PROBLEM:
Your answer must be an exact copy of the entries below, with every picture removed.

DATA TO EXAMINE:
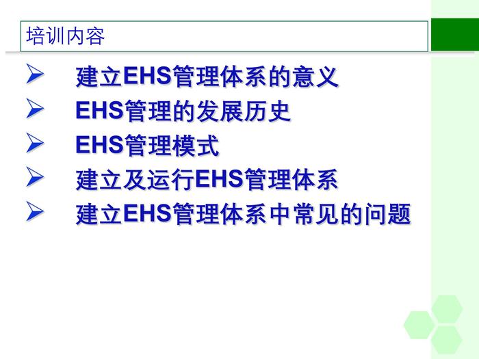 環(huán)境、健康與安全(EHS)管理體系領(lǐng)導(dǎo)意識培訓(xùn)ppt 環(huán)境、健康與安全(EHS)管理體系領(lǐng)導(dǎo)意識培訓(xùn)ppt
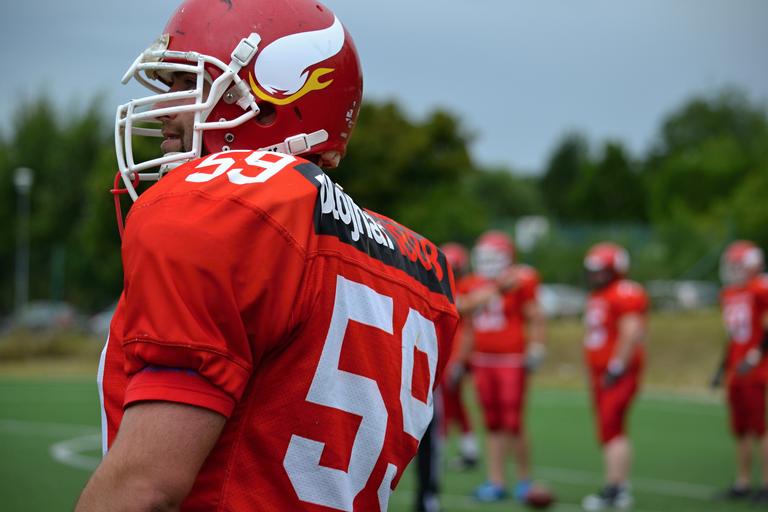 Keywords: football american football helmet red jerseys contact game sport fun charge win determination players rules field
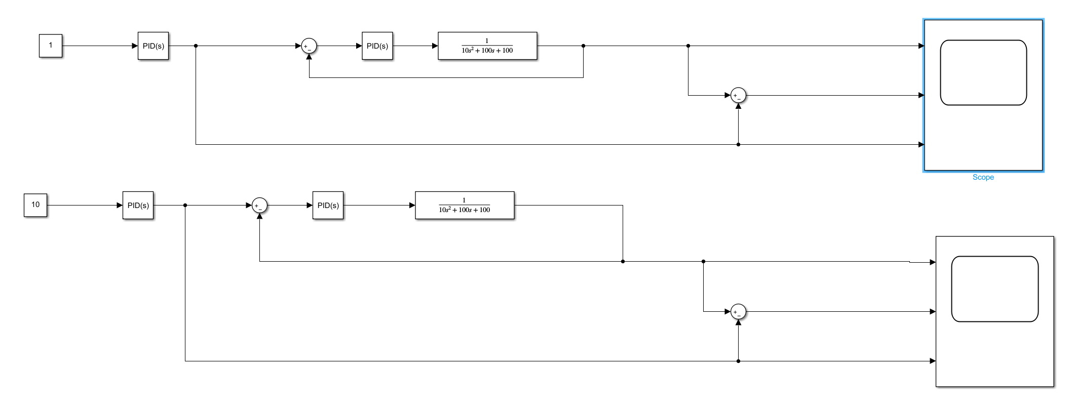 用constant与积分模块模拟不同速度输入命令,输入给相同的系统传函(PI控制器+plant),观察error的变化。仿真图如下所示:
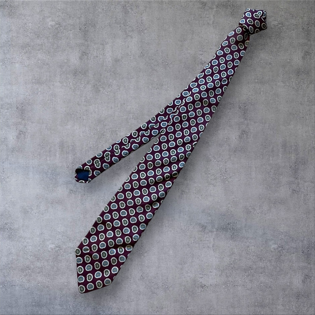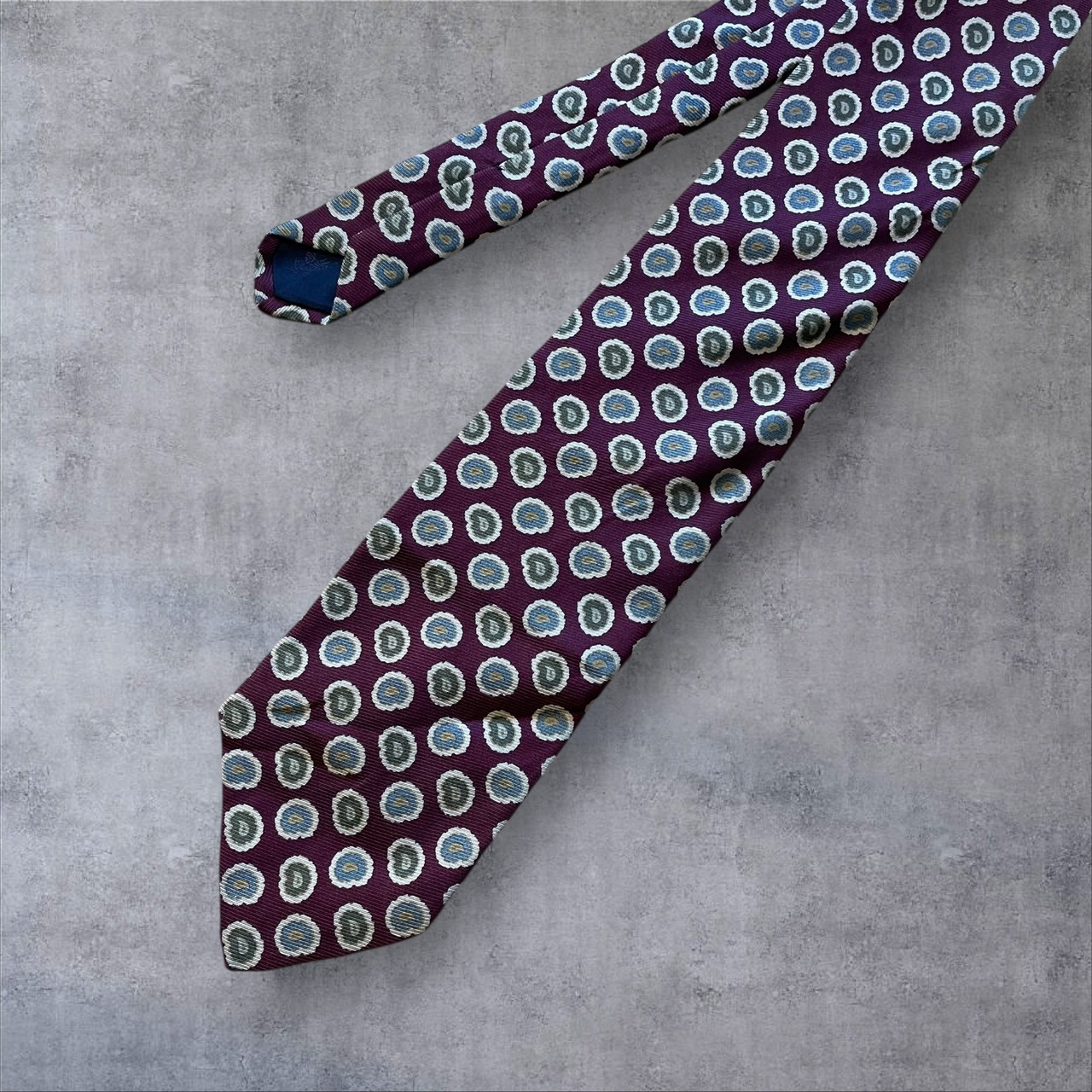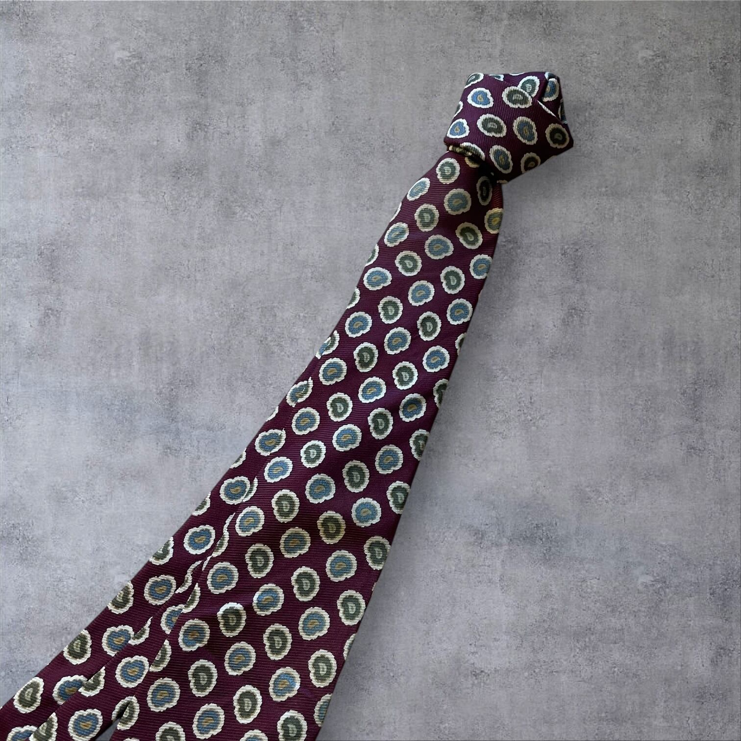 シルク100%・USA製の確かな品質で、レトロなサークル模様がクラシカルな雰囲気を演出します。
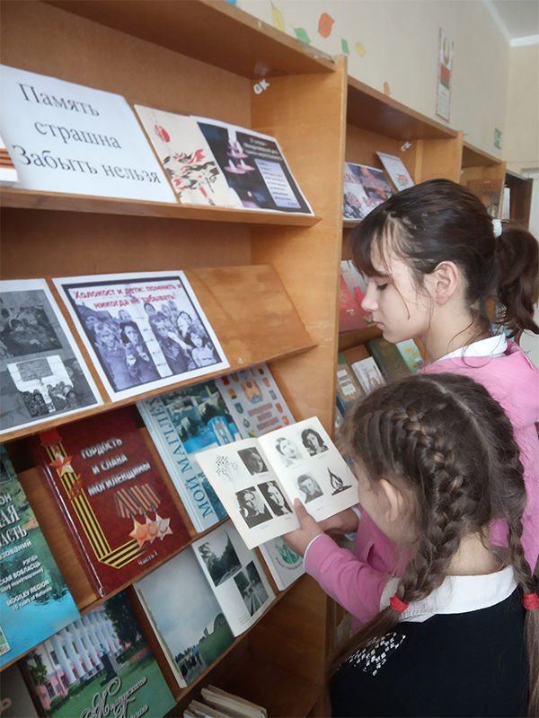 в Красулинской сельской библиотеке экспонируется библиотечная выставка «Никто не забыт и ничто не забыто», тематическая выставка «Историческая память поколений» подготовлена библиотекарями Ленинской сельской объединенной библиотеки. Ознакомиться с библиотечной выставкой «Память священна» смогут читатели Овсянковской сельской объединенной библиотеки,

RESPONSE AREA:
 環(huán)境、健康與安全(EHS)管理體系領(lǐng)導(dǎo)意識培訓(xùn)ppt 環(huán)境、健康與安全(EHS)管理體系領(lǐng)導(dǎo)意識培訓(xùn)ppt
 Keywords: football american football helmet red jerseys contact game sport fun charge win determination players rules field
 用constant与积分模块模拟不同速度输入命令,输入给相同的系统传函(PI控制器+plant),观察error的变化。仿真图如下所示:
 シルク100%・USA製の確かな品質で、レトロなサークル模様がクラシカルな雰囲気を演出します。
 в Красулинской сельской библиотеке экспонируется библиотечная выставка «Никто не забыт и ничто не забыто», тематическая выставка «Историческая память поколений» подготовлена библиотекарями Ленинской сельской объединенной библиотеки. Ознакомиться с библиотечной выставкой «Память священна» смогут читатели Овсянковской сельской объединенной библиотеки,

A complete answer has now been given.